THEaiTRE, invece, è un progetto innovativo della Repubblica Ceca, la cui lingua è “responsabile” del termine robot: robota in lingua ceca significa lavoro pesante. Qui la macchina è accreditata, unica autrice della sceneggiatura teatrale. Utilizzando il modello GPT-2 di OpenAI, i ricercatori hanno sviluppato l’opera che è stata messa in scena da attori professionisti.

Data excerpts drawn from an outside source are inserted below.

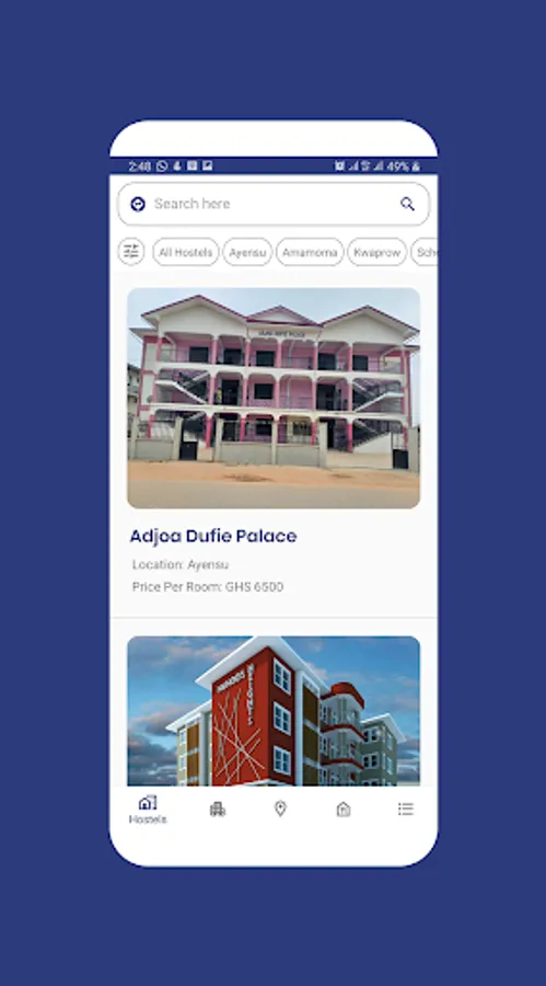 Users can search for any location or hostel.
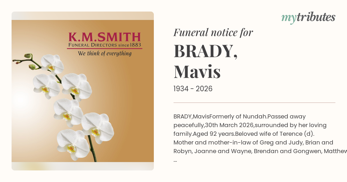 Family and friends are invited to attend a Prayer Service for Mavis, to be held in St. Paschal's Catholic Church, 30 Warraba Avenue, Wavell Heights, on Friday, 10th April, commencing at 1.30 p.m., followed by a private family burial.
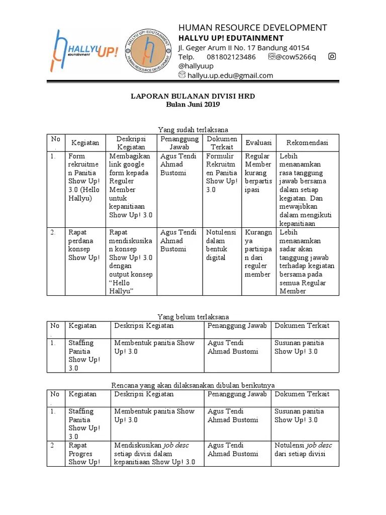 13. Contoh Laporan HRD Word
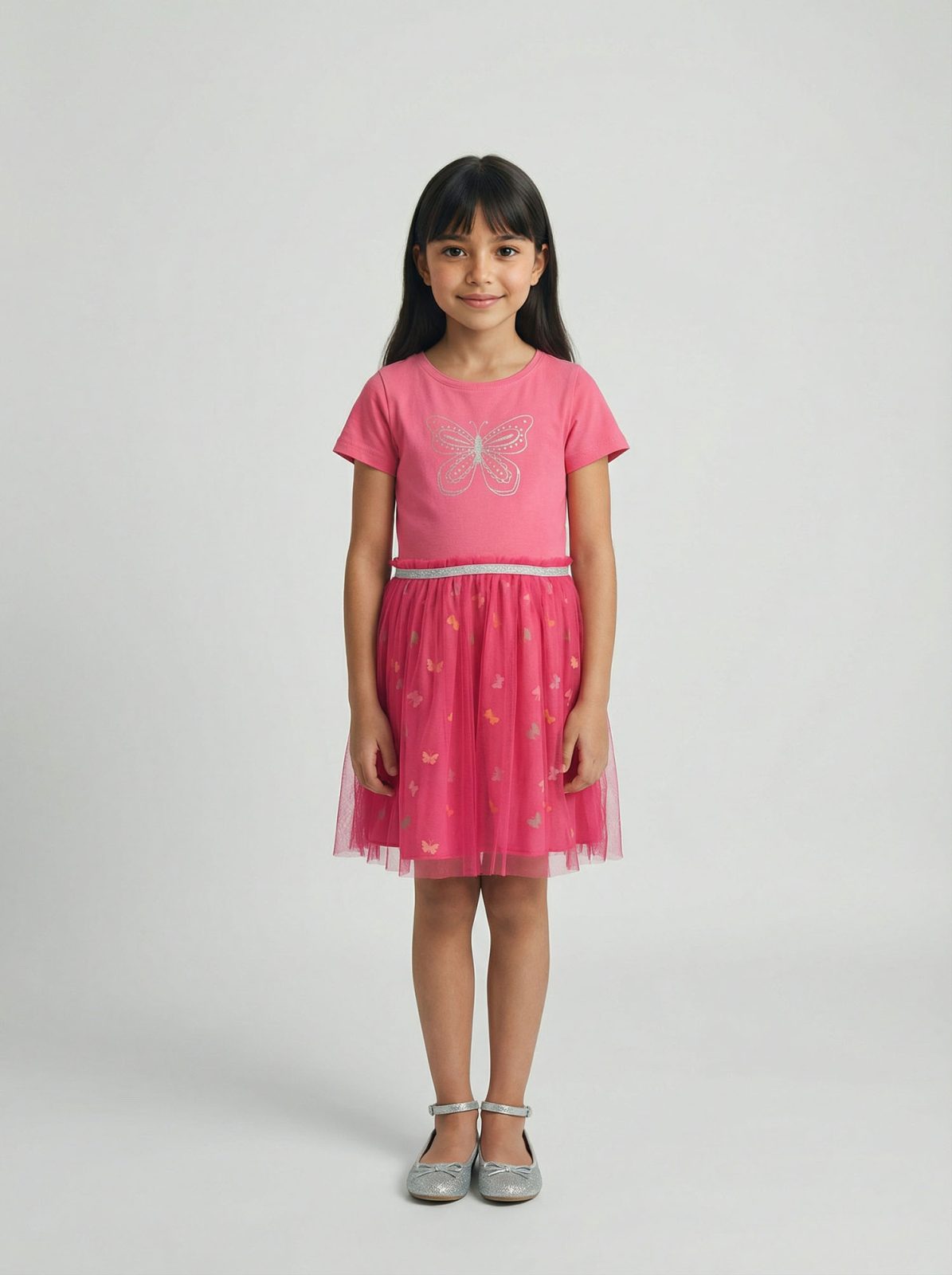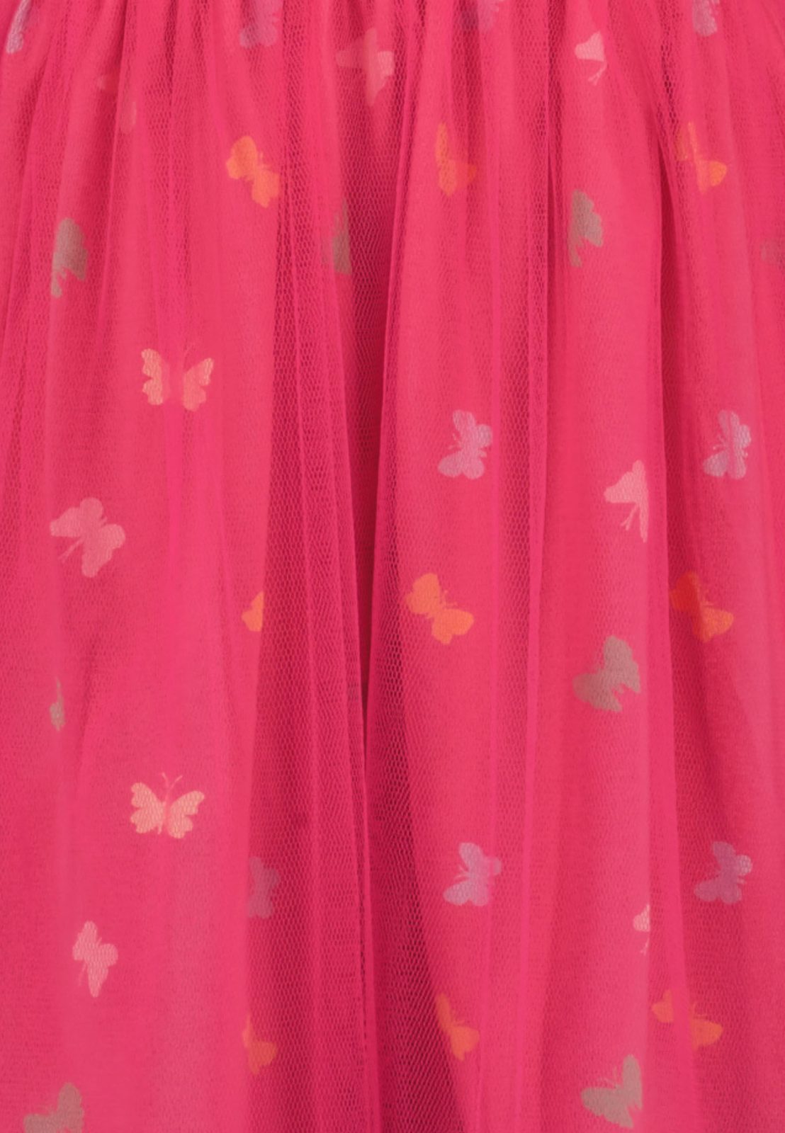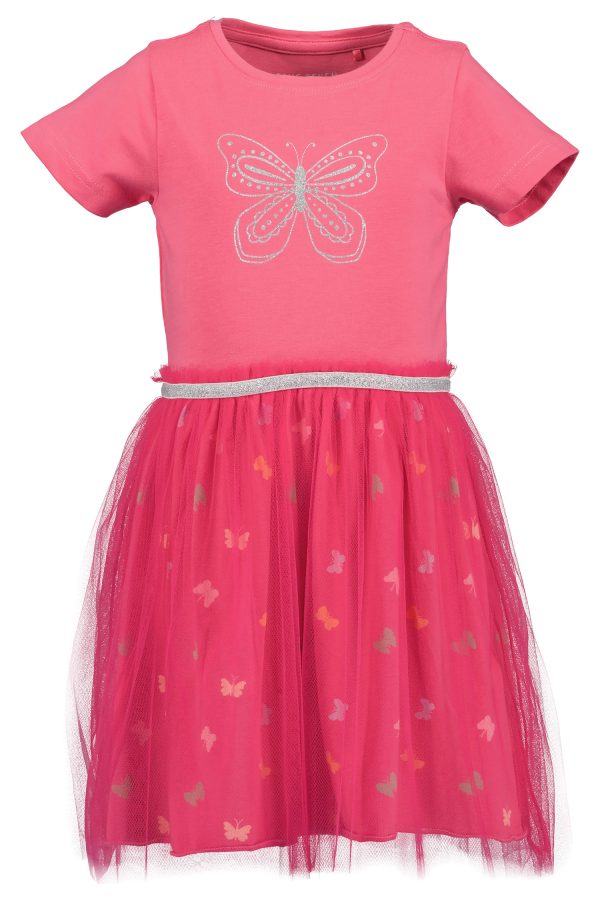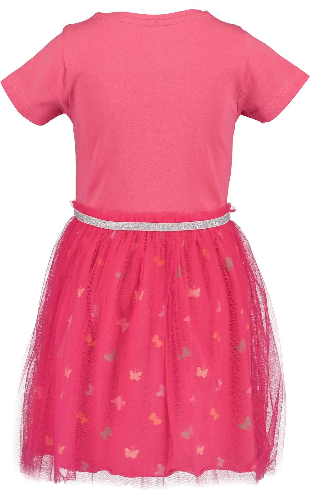Mooi roze jurkje van Blue Seven met afbeeldingen van gekleurde vlinders en tule rokje. In maat 98 tot en met 134.
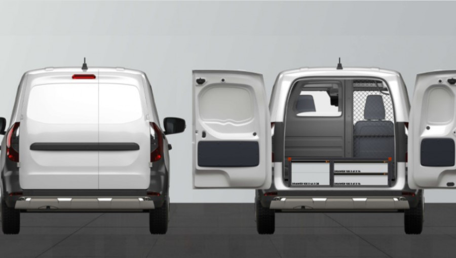 De laden aan de achterzijde hebben een laadlengte van 1035 mm en 598 mm on elke zijdeur.

L’intero progetto solleva il tema della paternità di un’opera d’arte. Se l’artista umano e la rete neurale collaborano, chi merita di firmare il quadro? È l’umano che ha avuto l’idea del progetto? L’umano dietro al codice (se non coincide con il primo)? Sono gli umani proprietari dei dati di opere che la rete ha “osservato”? O la macchina che ha creato l’oggetto specifico, al di là del processo? In fondo ci leggo un richiamo all’atavico terrore di surclassamento della matrigna con Biancaneva, il percorso di crescita e di apprendimento che avviene sempre, anche da parte dell’allievo con il maestro, che talvolta finisce per superare il secondo, o la seccatura di non aver piacere che il bot faccia un lavoro “leggero” quando per etimo è legato a quello pesate.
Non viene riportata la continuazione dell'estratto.